# Maximal Rectangle

## 1: U-nderstand

Understand what the interviewer is asking for by using test cases and questions about the problem.

• Established a set (2-3) of test cases to verify their own solution later.
• Established a set (1-2) of edge cases to verify their solution handles complexities.
• Have fully understood the problem and have no clarifying questions.
• Have you verified any Time/Space Constraints for this problem?
• Can the input be empty?
• Yes, the input can be empty. In that case, let’s return 0 since there is no rectangle.
• What is the maximal width of a rectangle?
• The maximal width of a rectangle spanning from the original point to the current point is the running minimum of each maximal width.
``````HAPPY CASE
Input:
[
["1","0","1","0","0"],
["1","0","1","1","1"],
["1","1","1","1","1"],
["1","0","0","1","0"]
]
Output: 6

EDGE CASE (Single Element)
Input:
[
["1"]
]
Output: 1``````

## 2: M-atch

Match what this problem looks like to known categories of problems, e.g. Linked List or Dynamic Programming, and strategies or patterns in those categories.

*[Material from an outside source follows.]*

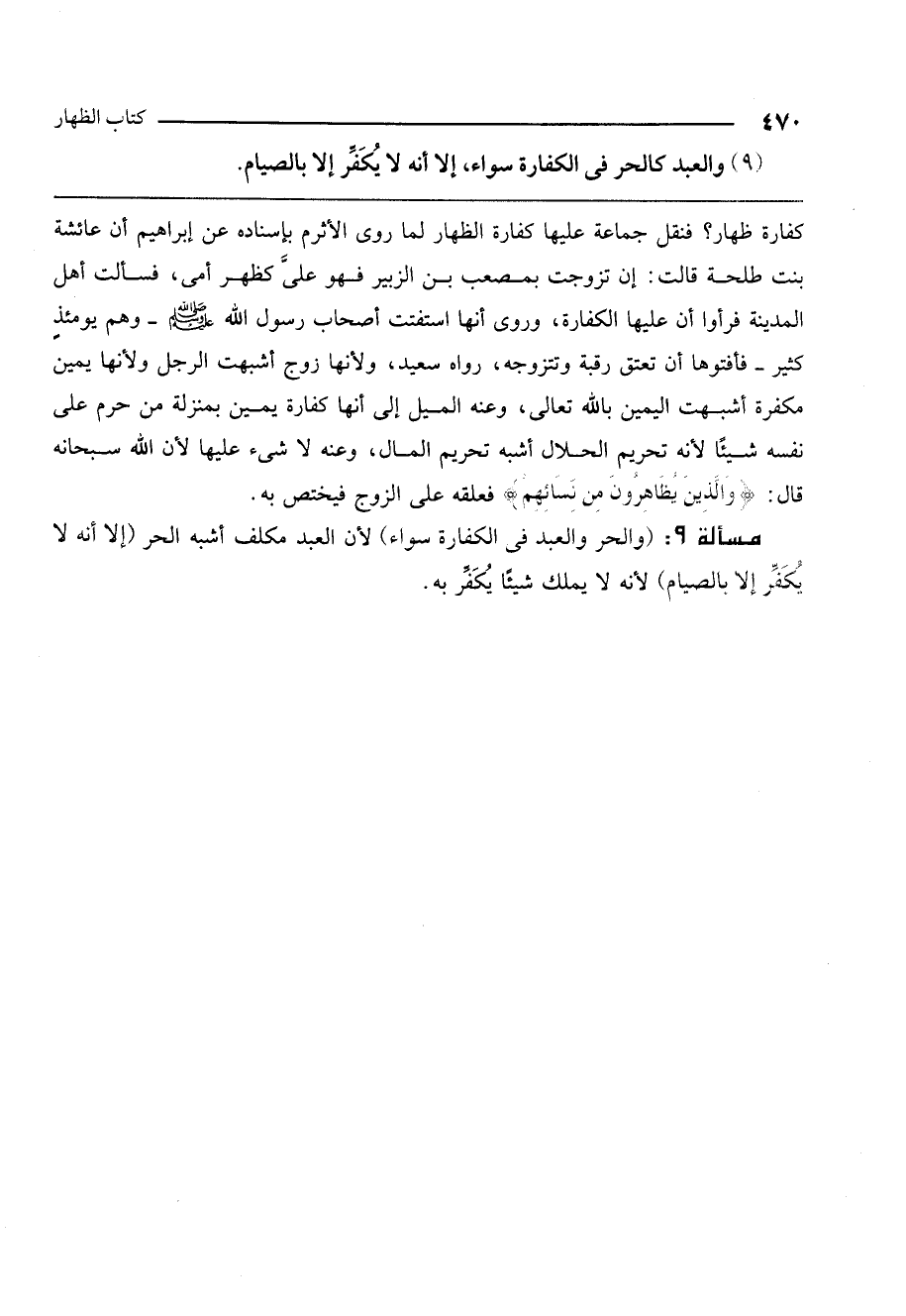 مسألة 9: (والحر والعبد في الكفارة سواء) لأن العبد مكلف أشبه الحر (إلا أنه لا يكفر إلا بالصيام) لأنه لا يملك شيئًا يكفر به.

• Whenever you see a question that asks for the maximum or minimum of something, consider Dynamic Programming as a possibility.

• Since this problem tends to look like a Dynamic Programming problem, let’s try to match this problem with standard DP techniques we may have seen before:

`2D Array Top-Left -> Bottom-Right, Bottom-Up DP Technique`: The square verison of this problem was solved through this pattern. However, now that we can create rectangles with unequal side lengths, this may create an issue with this solution pattern.

• Knapsack-Type Approach There isn’t a Knapsack underlying problem-type to this problem. There may be other DP techniques not covered here that may seem fit to discuss

## 3: P-lan

Plan the solution with appropriate visualizations and pseudocode.

We can compute the maximum width of a rectangle that ends at a given coordinate in constant time. We do this by keeping track of the number of consecutive ones each square in each row.

``````Compute Largest Rectangle Algorithm
1) Create a stack to store ascending heights of row
2) Iterate through the row from left to right
a) While the current index height is smaller than the top of the stack height
i) Compute the area of the current index to the top of the stack index and
update the max value variable
- NOTE: Computation of area requires more specific details
b) Push current index onto stack
3) Return largest rectangle area for this row``````

⚠️ Common Mistakes

• What are some common pitfalls students might have when implementing this solution?

• Solving this problem by considering each and every possible rectangle and considering the maximal out of the rectangles which only consists of 1 in them is a brute force way. Instead of forming every rectangle, then checking validity of rectangle, we can optimize the brute-force by only considering valid rectangles.

## 4: I-mplement

Implement the code to solve the algorithm.

``````class Solution:
def maximalRectangle(self, matrix: List[List[str]]) -> int:
maxarea = 0

dp = [[0] * len(matrix[0]) for _ in range(len(matrix))]
for i in range(len(matrix)):
for j in range(len(matrix[0])):
if matrix[i][j] == '0': continue

# compute the maximum width and update dp with it
width = dp[i][j] = dp[i][j-1] + 1 if j else 1

# compute the maximum area rectangle with a lower right corner at [i, j]
for k in range(i, -1, -1):
width = min(width, dp[k][j])
maxarea = max(maxarea, width * (i-k+1))
return maxarea
``````
``````class Solution {
public int maximalRectangle(char[][] matrix) {

if (matrix.length == 0) return 0;
int maxarea = 0;
int[][] dp = new int[matrix.length][matrix[0].length];

for(int i = 0; i < matrix.length; i++){
for(int j = 0; j < matrix[0].length; j++){
if (matrix[i][j] == '1'){

// compute the maximum width and update dp with it
dp[i][j] = j == 0? 1 : dp[i][j-1] + 1;

int width = dp[i][j];

// compute the maximum area rectangle with a lower right corner at [i, j]
for(int k = i; k >= 0; k--){
width = Math.min(width, dp[k][j]);
maxarea = Math.max(maxarea, width * (i - k + 1));
}
}
}
} return maxarea;
}
}``````

## 5: R-eview

Review the code by running specific example(s) and recording values (watchlist) of your code's variables along the way.

• Trace through your code with an input to check for the expected output
• Catch possible edge cases and off-by-one errors

## 6: E-valuate

Evaluate the performance of your algorithm and state any strong/weak or future potential work.

• Time Complexity: O(N^2M) Computing the maximum area for one point takes O(N) time, since it iterates over the values in the same column.
• Space Complexity: O(NM). We allocate an equal sized array to store the maximum width at each point.